Upstream fishing with a dry or wet fly is best when the trout are feeding near the surface but there are times, especially early in the season, when they are almost glued to the bottom. At such times you need a fly that really bumps along the bottom and then a bead head comes into its own. A size 14 Hare's Ear or Pheasant Tail Nymph with a copper or gold bead at the head will often take trout when nothing else will, and your chances will be enhanced by an indicator on the leader to help you spot the takes. I once thought that I could spot any take without such aids but I have long since realised how many fish are missed without an indicator.

If you are planning your first outing for moorland trout, timing is vital to give you a good chance of early success. Eager to get started, many make that first attempt in March or April when the season opens, but they hardly see a fish and don't bother to try again. Even the local experts can struggle in the first few weeks so be patient and wait until late May or June. During this period, the trout normally feed all day and the tough times when the rivers become very low and clear should still be in the future.

There are always, of course, exceptions to any rule, as a day last summer was to prove. It was mid August, when the rivers are often sluggish and the trout very dour, but heavy rains had brought the Dartmoor streams into spate. The bigger rivers were still high and coloured but the tiny Cherrybrook was dropping fast and had cleared to the colour of tea. If the fish were feeding, it would be difficult to fail, so I walked downstream a mile from Upper Cherrybrook Bridge, tied a 12 Red Palmer on the dropper and a 12 Dunkeld on the point, and fished back up to the bridge through the middle of the day. The trout were immediately attracted to the two bright flies and nearly 50 trout up to 28 cm were caught, with fish on both dropper and point on two occasions.

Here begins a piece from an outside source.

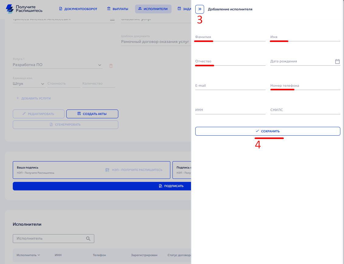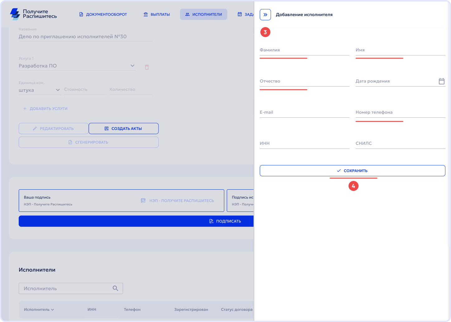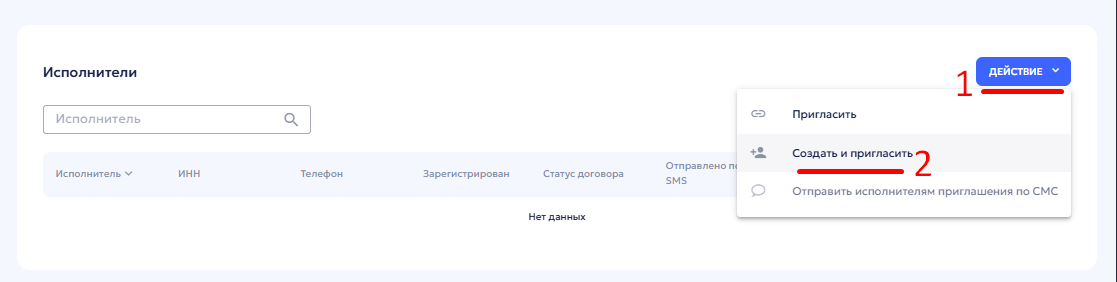 Этот способ подходит в случаях, когда данные исполнителя ещё не добавлены в личный кабинет, и вы хотите сразу пригласить его на платформу и на подписание договора.

Some mediocre outings on Cherrybrook in the past few years had made me wonder if stocks had declined, but on a day when conditions were just about perfect, the fishing was as good as it ever was.

Dartmoor and Exmoor are ideal for really stretching your legs while you are fishing and the following few examples are typical of what the energetic angler can enjoy. On a fine day it is well worth fishing up the East Dart from Postbridge, with some of the best fishing in a lovely series of small pools about a mile above the bridge. A couple of miles fishing will take you almost to Sandy Hole Pass and then you can walk directly back to your car over Broad Down, with magnificent views to the south. Another favourite is to park at Watersmeet on the East Lyn and fish up to Rockford, ideally on a sunny day in late May when the Black Gnats are swarming over the river. Some of the large pools will be full of trout holding just below the surface and rising to anything that looks edible, but watch out for the smaller and less obvious pockets that are often more productive.

My local river is the Teign where the stretch from Fingle Bridge up to Dogmarsh Bridge is just about right for a three-hour session. The middle part of this piece of water below Sharp Tor tumbles down through a series of rocky pools that offer some of the best trout fishing on the upper Teign.